If I told you my story, you would hear life overcome the grave.
If I should speak let it be of the grace that is greater than all.
Of when justice was served, where mercy wins, and kindness that draws me in.
Some may think that strength means never to feel. I disagree. The strongest people are those who have felt pain, understood it, accepted it, and learned from it. I used to pretend to be okay rather than deal with the pain of telling the truth. The loss and hurt was so overwhelming, words could not be formed.
I would like to invite you for a few minutes to walk in my shoes.
I was during a time I felt all alone. My worth was the price tag which was put on my body. Picture and ugliness and pain so bad that I’d do or try anything to be numb. The only ones that surrounded me were there to sell me drugs or to use my body. I had no one. I spiraled down into a black hole and got stuck. I could not escape. I quit caring and I could not face anyone or anything anymore. Nobody looked for me. My family did not come for me. After all, I’m a grown-up and I am just screwing up again is what I am sure they thought. I’m not sure I could have faced them anyway. I lost my daughter. When I checked, she was calling someone else Mommy and Daddy.
As the pain increased I wanted to die. I was lonely, didn’t care, and my only mission now was death. I tried. I told God he wasn’t being fair. If a horse is ill, don’t we just let them die? I asked people to do it for me. I said, “Please take me Lord.” I couldn’t stand to look in the mirror any more at an ugly, skinny, and lost soul. I felt like I was looking at another person and their life.
But for some reason, this time, I wasn’t scared. I saw kind eyes…
And then it happened. On May 28, 2015, I was arrested in Lakewood during a sting operation.
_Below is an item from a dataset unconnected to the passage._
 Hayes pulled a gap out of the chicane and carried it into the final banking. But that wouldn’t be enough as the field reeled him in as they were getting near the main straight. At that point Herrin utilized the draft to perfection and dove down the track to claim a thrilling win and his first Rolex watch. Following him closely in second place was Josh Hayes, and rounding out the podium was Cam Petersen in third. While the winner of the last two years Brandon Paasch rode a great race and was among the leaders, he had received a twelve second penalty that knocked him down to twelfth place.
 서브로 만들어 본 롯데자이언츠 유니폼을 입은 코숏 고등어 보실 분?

I learned later the operation was not a general sweep but one targeted just to rescue me. This was the moment I realized how awful my life had become. But for some reason, this time, I wasn’t scared. I saw kind eyes and was told by the team that they knew about my life, knew some of my journey, and wanted to provide a way out. For that moment I was okay. But as I learned to trust, I realized that family is not just blood but friends and rare individuals that reach down to dark places and offer a hand. I took the hand. I then discovered there are people in this world that want me in theirs, not a cost, just because. These people, many of you who are in this room, accepted me for who I was. You saw through the ugly and saw I had something to offer. You fought for me and brought back my smile. You led me back into the light. I want you to know you have changed my life forever. You took the time to seek me out, not judge me, and listen. Your kindness and your hardcore strength helped save my life.
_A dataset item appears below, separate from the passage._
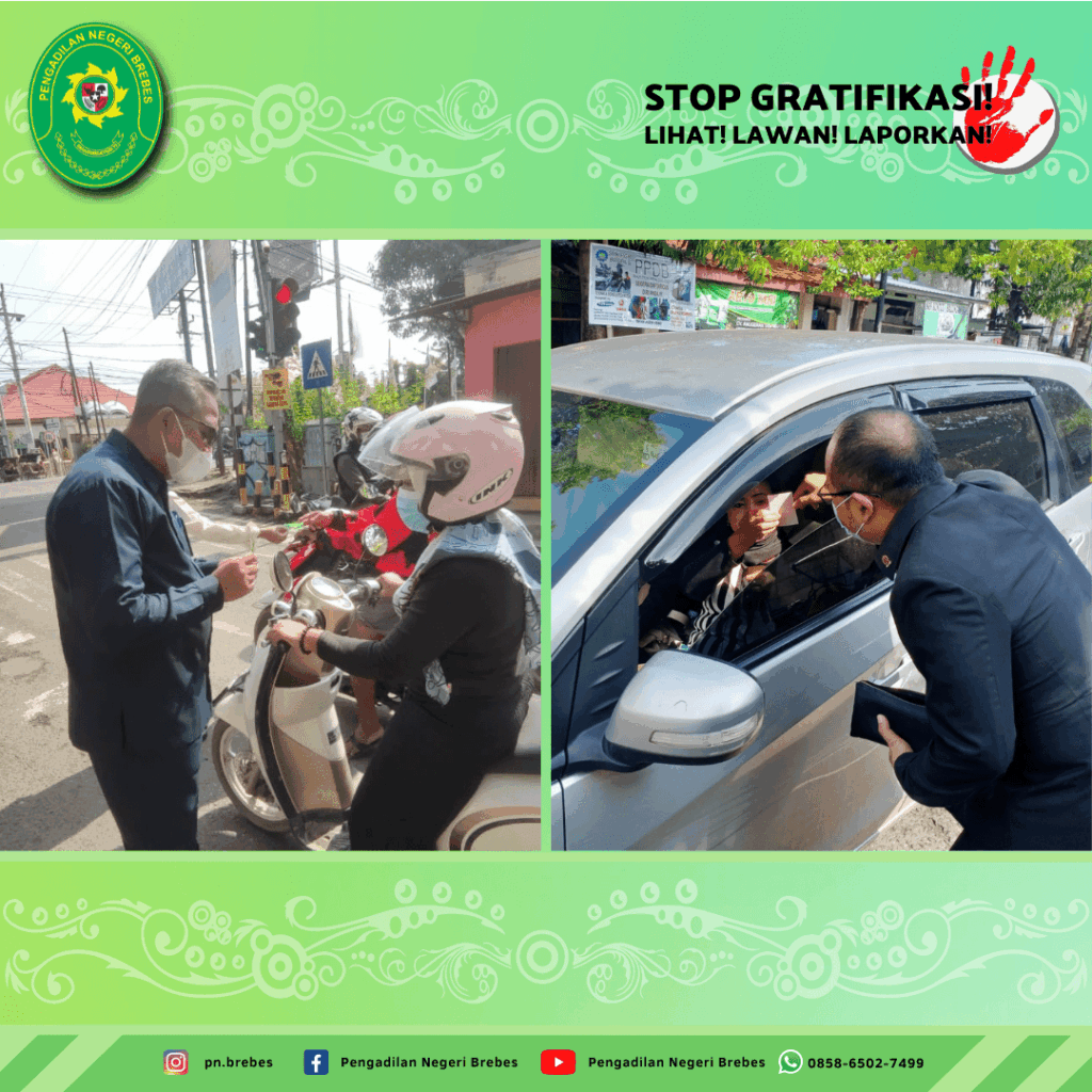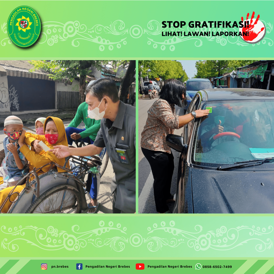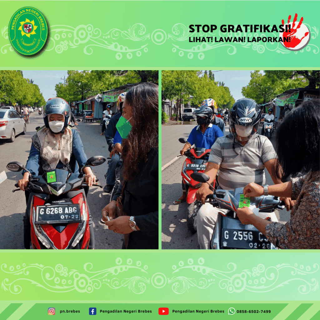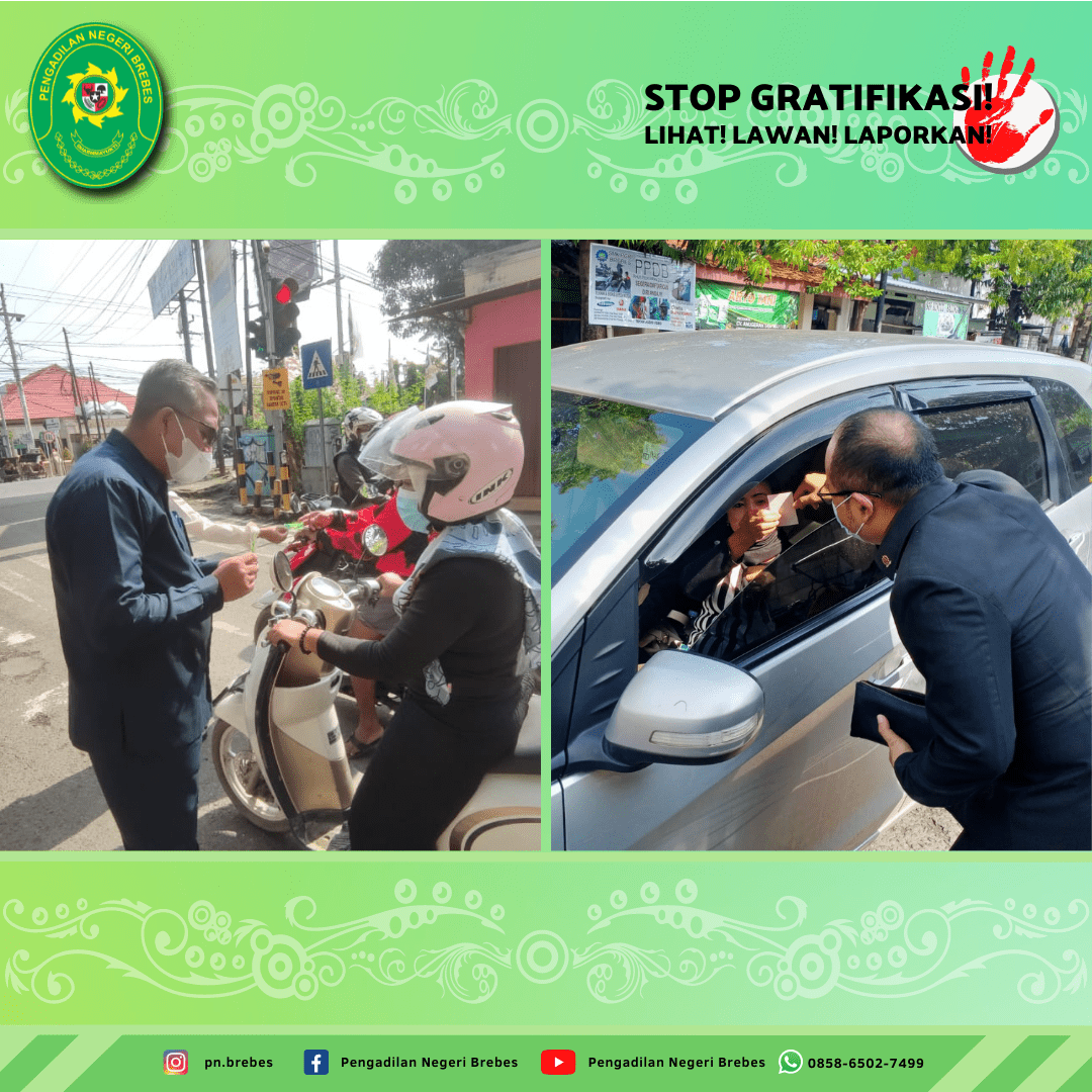 Pengadilan Negeri Brebes Kelas IB melaksanakan Kegiatan Kampanye Tolak Gratifikasi dalam mendukung Pembangunan Zona Integritas WBK (Wilayah Bebas Korupsi) dan WBBM (Wilayah Birokrasi Bersih Melayani) pada Pengadilan Negeri Brebes. Pada kegiatan ini Pengadilan Negeri Brebes menyampaikan dalam memberikan pelayanan, harus Bersih dari Korupsi, Kolusi dan Nepotisme (KKN).

To my Support Team at Streets Hope and My sisters Forever – for the last year you have listened to me, gave me hope when I had none, loved me when I couldn’t love myself, and called me beautiful when I felt ugly. This made me believe it and gave me strength to now be able to share with my sisters what you have taught me. You brought back my smile. The compassion, love and strength you have shown has ignited my inner fire to help any one I can. In the past year I have achieved more than I ever imagined. I am sober now. I love me now. I love and trust others. I laugh now. Additionally, on February 10, 2017 you gave me the strength to face my former trafficker in court who was on trial for not just trafficking myself but others. As a result of my testimony he was convicted and sentenced to 18 years in prison.
My Personal Mantra
To paint a picture of peace for women whom I’ve helped or touched. To show compassion and love. To set an example by using truth and humor. To open eyes for women to see the small things in life. To obtain the things I once sought out and to share my life and story to save those who cannot save themselves.